Unfortunately, my program's structure does not allow me to do this, since some components in the function do have a lifetime limited by a part of the main function.

This is the part that you need to change. Change those parts of your program so that nothing is borrowed from main().

  • Use consts or static variables for constant data.

  • Use Arc instead of & to refer to shared data computed at startup.

  • Or, if absolutely necessary (such as when the data is not constant and must be referred to inside a Copy requirement) and you are only going to do it once at startup, use Box::leak(Box::new(data)) to obtain an &'static reference to some data that will never be deallocated afterward. You must not use this for anything but data that's computed only once, because then your program will leak memory in the real sense, continuously growing.
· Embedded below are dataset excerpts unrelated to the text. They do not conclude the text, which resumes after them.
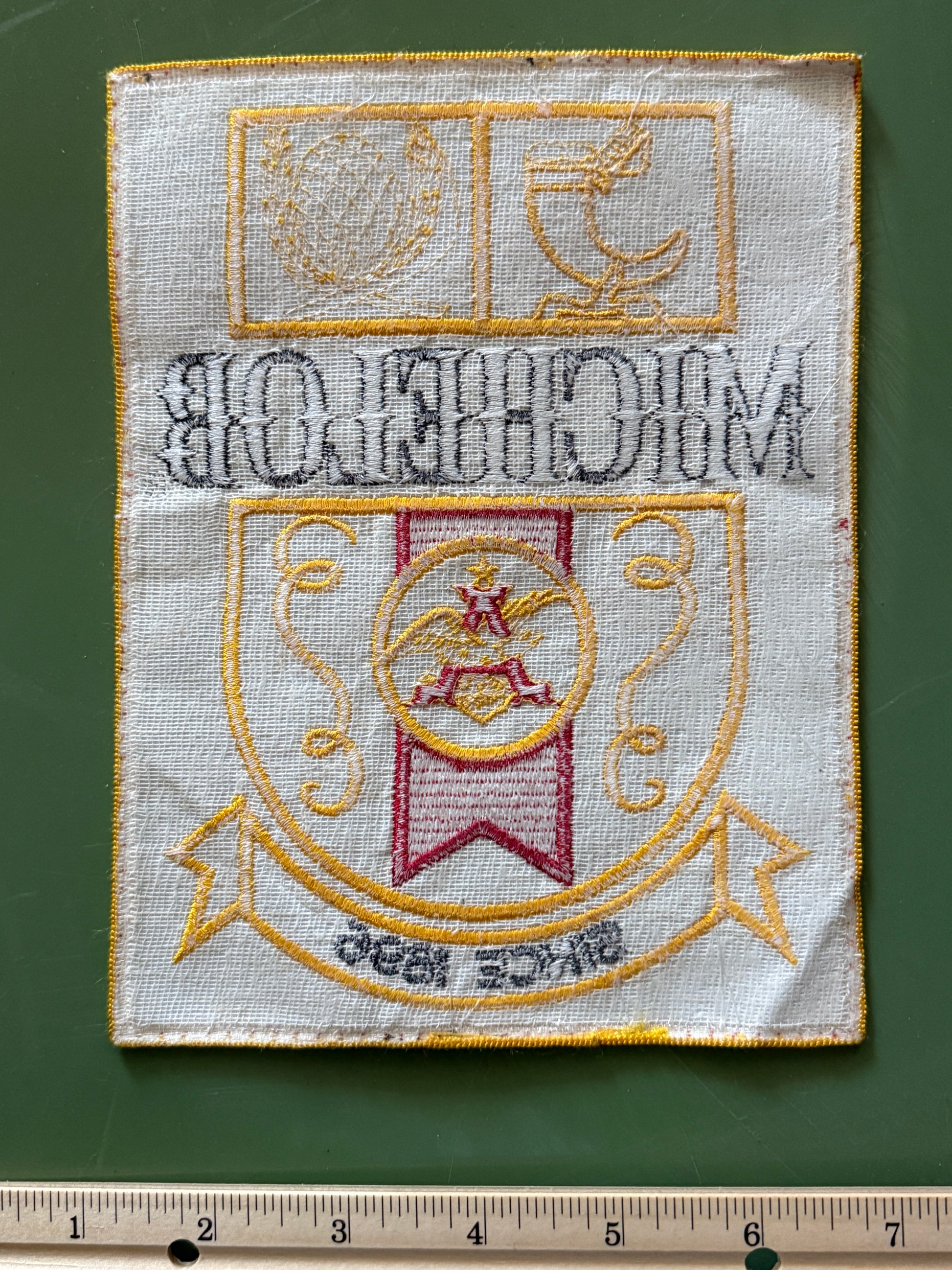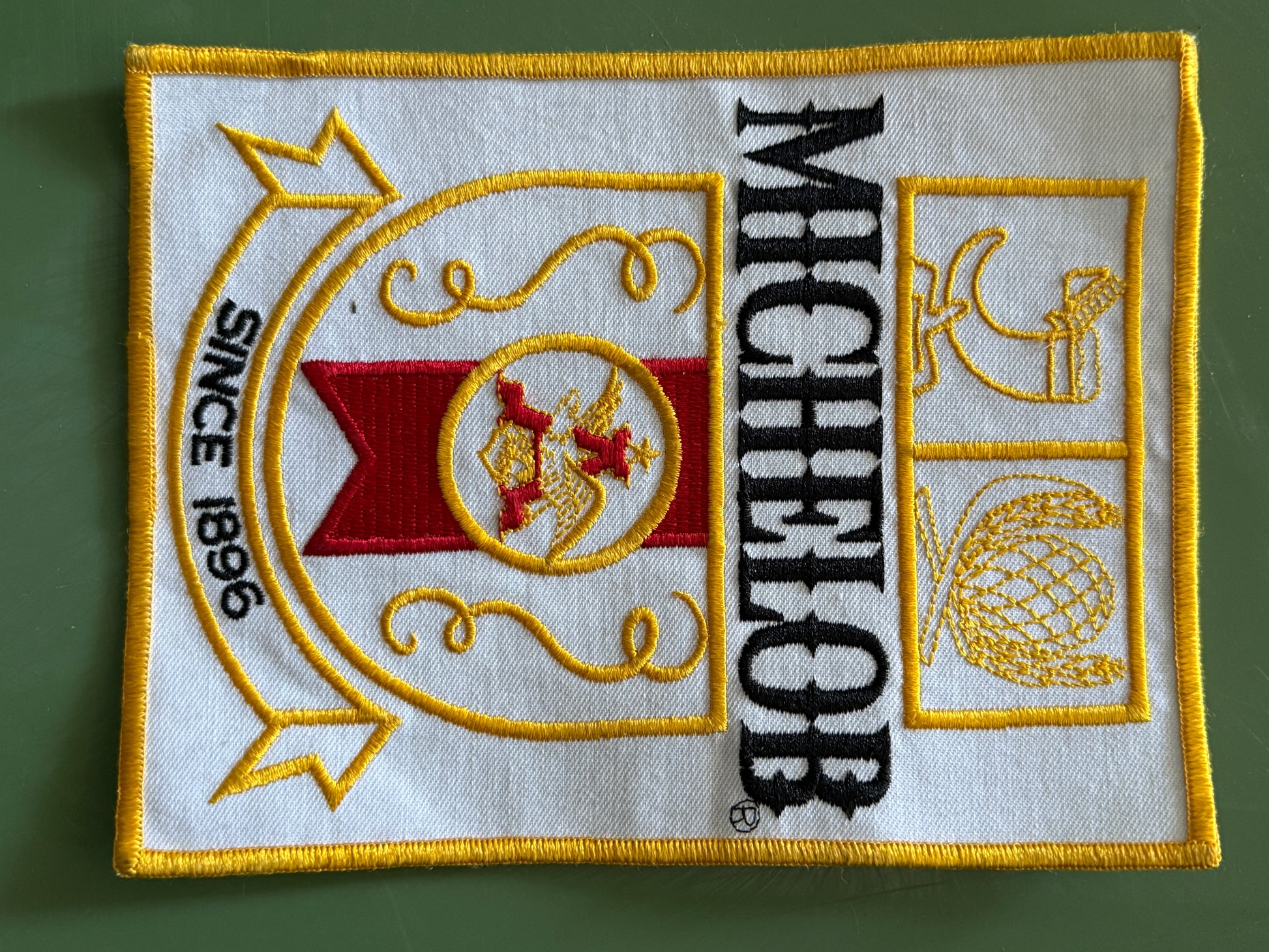 This vintage Michelob embroidered stitch-on patch is a bold collectible piece for beer lovers, vintage enthusiasts, and retro fashion fans. Featuring the classic Michelob crest with gold embroidery, a red banner, and the “Since 1896” detail, this large patch makes a statement on denim jackets, workwear, vests, or display collections.
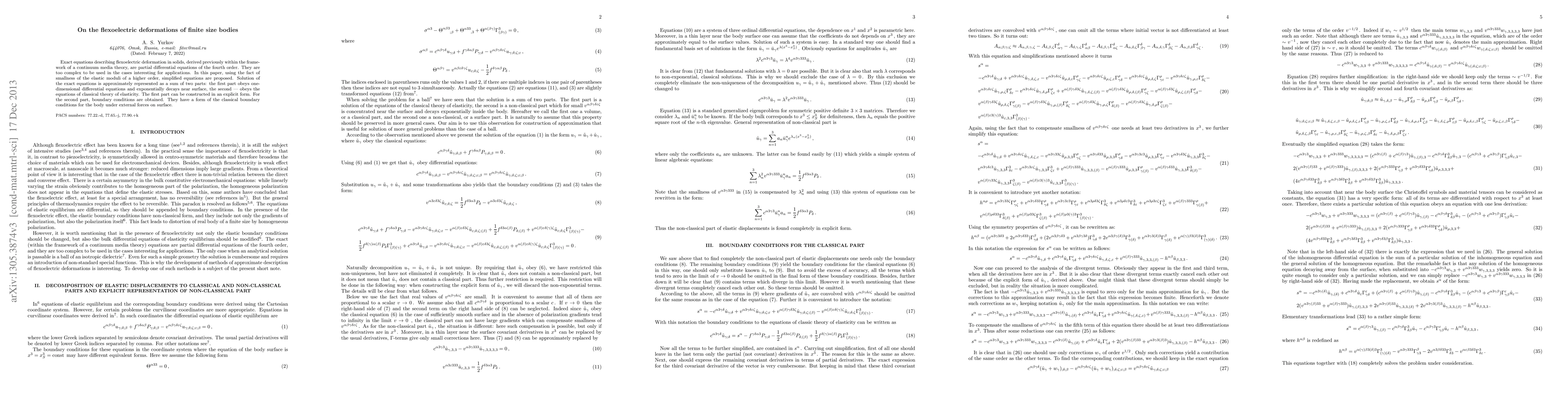 Researchers simplified complex equations describing flexoelectric deformation in solids to make them more applicable to real-world applications. They found that the deformation can be broken down into two parts: one obeying simple one-dimensional equations near the surface and the other following classical elasticity theory.
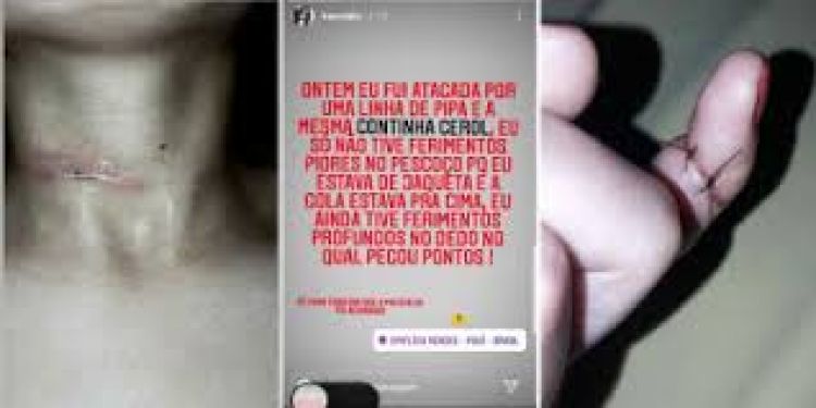 A jovem Keuvia Kerllia usou as redes sociais para relatar um episódio que quase custou a sua vida na tarde desse sábado (08) na BR-020 em Simplício Mendes, a 392 km de Teresina. Ela estava andando de moto quando teve o pescoço e o dedo cortado por uma linha de pipa com cerol.
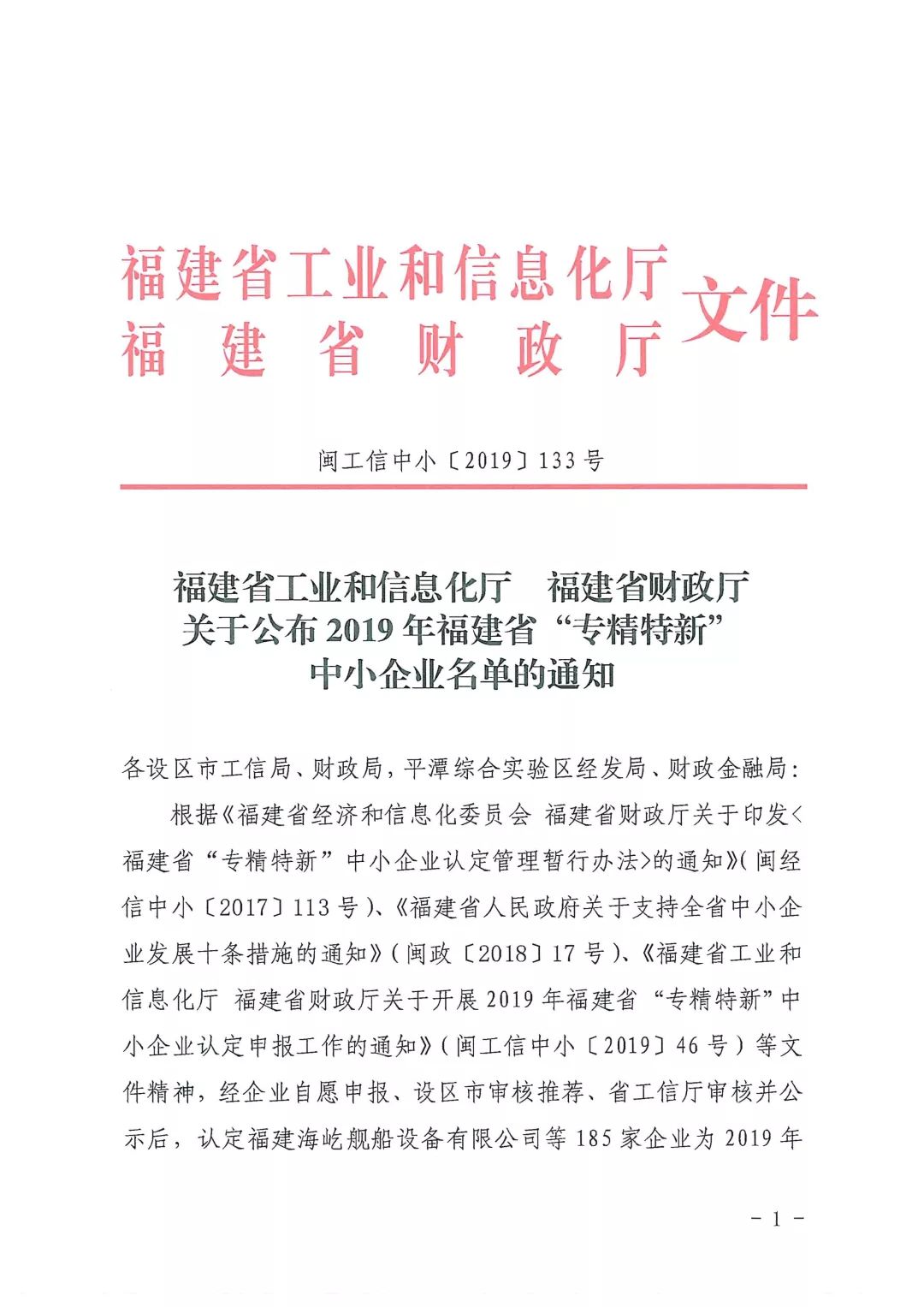 如此的戰略發展思維,與近年來新出臺的“專精特新”中小企業的遴選標準相吻合。由此,福建省工業和信息化廳近日公布了2019年福建省“專精特新”中小企業名單,共有185家優秀企業入選,訊網網絡符合“特色化”條件入選。
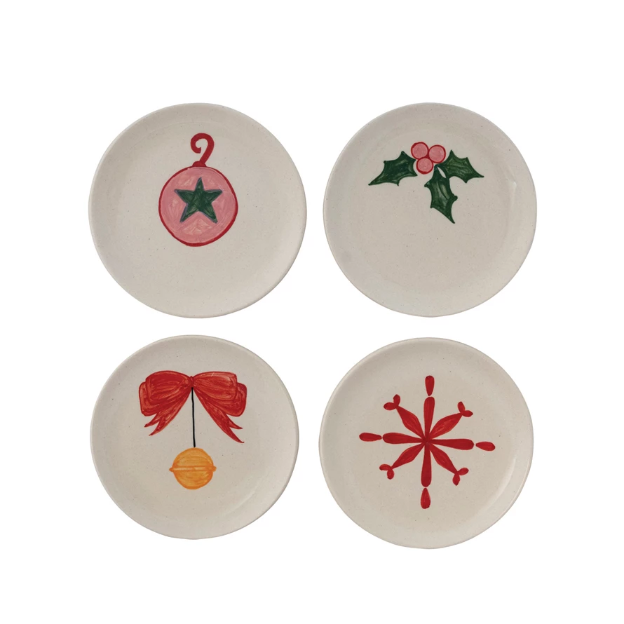 Hand-Painted Stoneware Plate with Holiday Image, 4 Styles (Each One Will Vary)
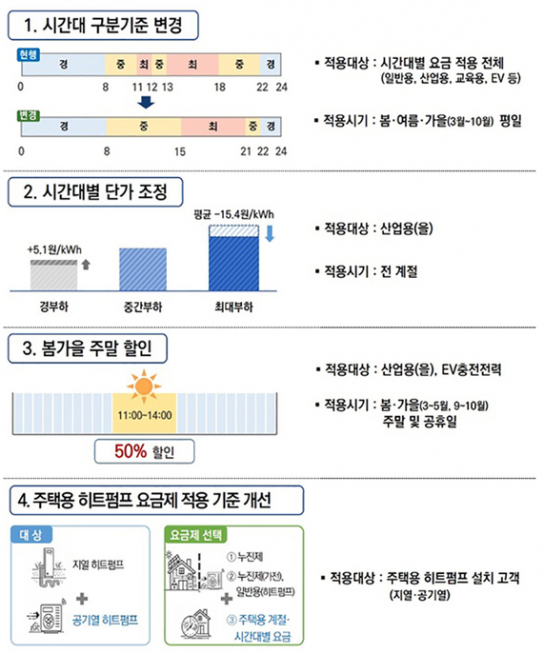 이에 따라 평일 낮 시간대 요금 부담은 줄고, 저녁 시간대 요금은 올라간다. 자연스럽게 전기 사용이 낮으로 이동하도록 유도하는 구조다.
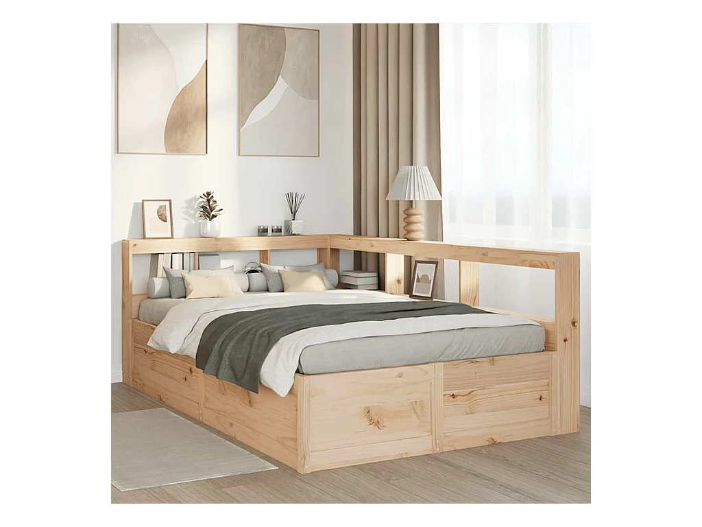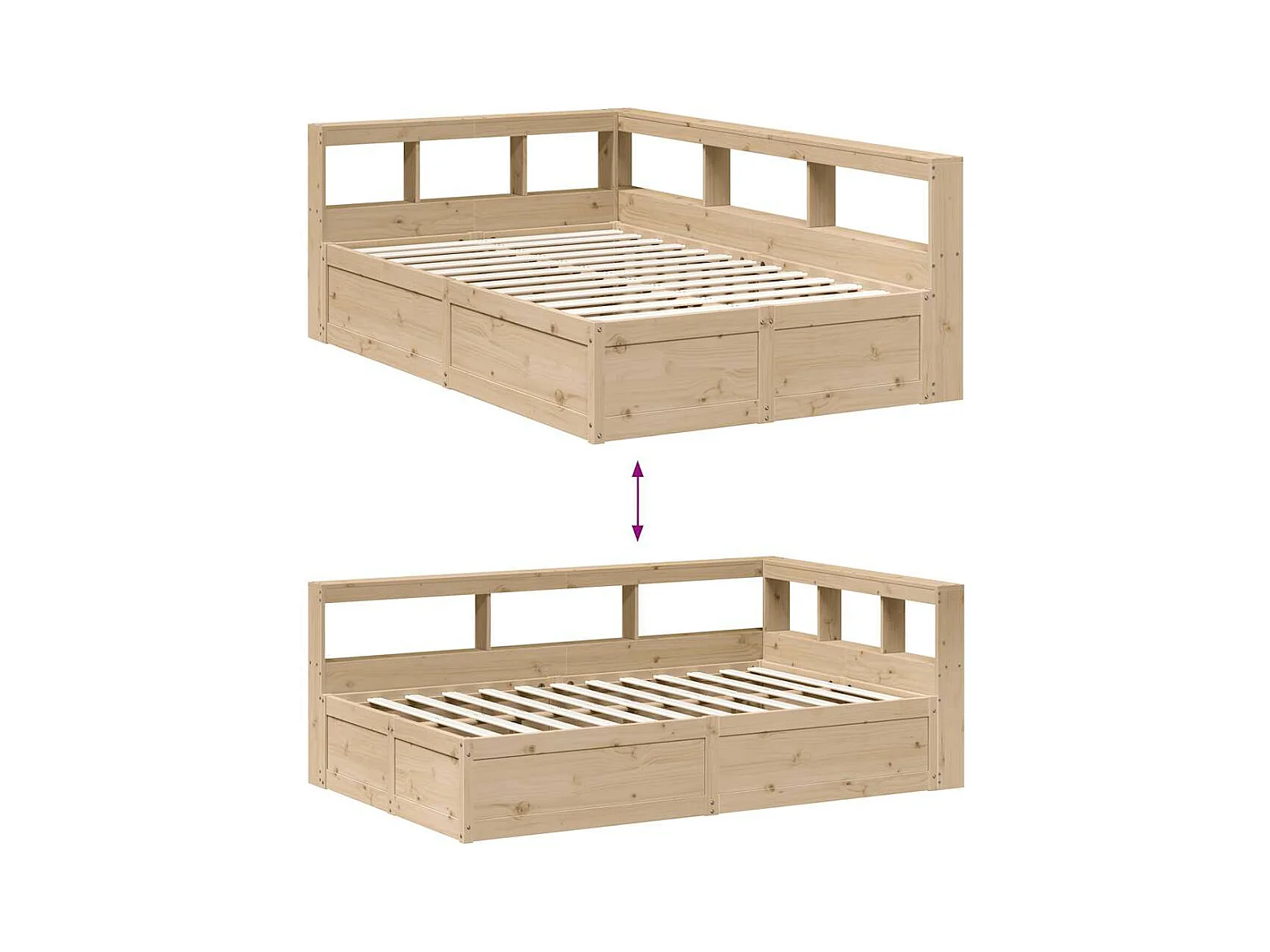 Cama con estantería sin colchón madera maciza de pino 120x190cm
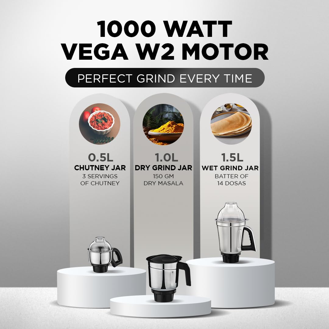 Preethi Taurus Pro Mixer Grinder for Kitchen, 3 Jars 1000 Watt Mixie, Dry and Wet Grinder Jar, 2 Year Warranty, Blue-Black, (Mg-259)
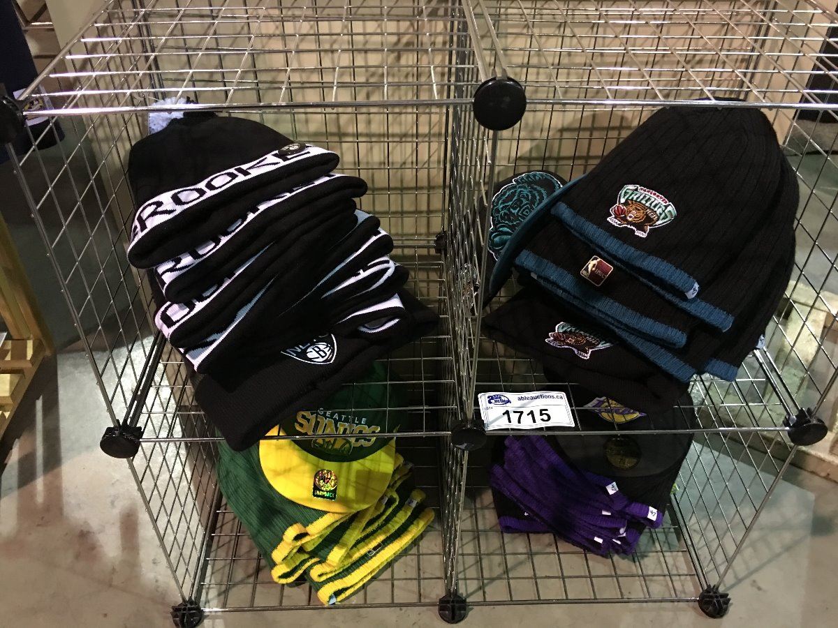 4 CUBBY SHELF UNIT FILLED WITH MBA TOQUES & GRIZZLIES SONICS NETS & 3 BALL CAPS SHELF INCLUDED
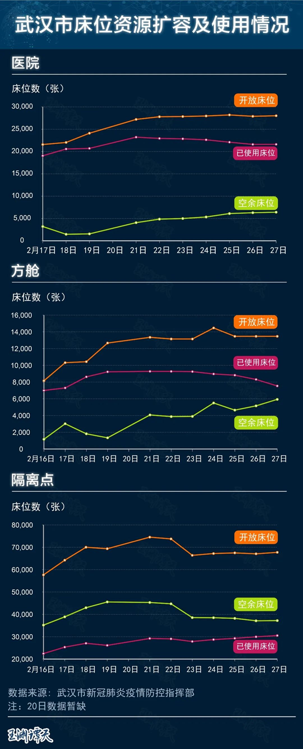 這是2月16日到27日之間,醫(yī)院、方艙和隔離點(diǎn)的床位數(shù)變化。

It is possible to pass borrowed data to threads, using scoped threads, but that approach requires special control of the threads and will not work for things like GUI event loops or thread pools that aren't specifically scoped themselves.


Further explanation:

Why do I need to pass something with a static lifetime? The threads don't live that long, everything is joined directly underneath.

Simple: the borrow checker does not understand thread joining. It only looks at very particular compile-time information, and "when this join() function is called, the thread must have exited afterward" is not the kind of reasoning it can perform. Broadly speaking, the borrow checker only cares about things that don't happen ("this reference is not used outside this lifetime") and can't use things that do happen, like "join() was called", as evidence that the program is sound.

The “scoped threads” I mentioned above are a way to make stopping threads understandable to the borrow checker — by making that look like exiting a function scope, which the borrow checker does understand as a reason a borrow has definitely ended.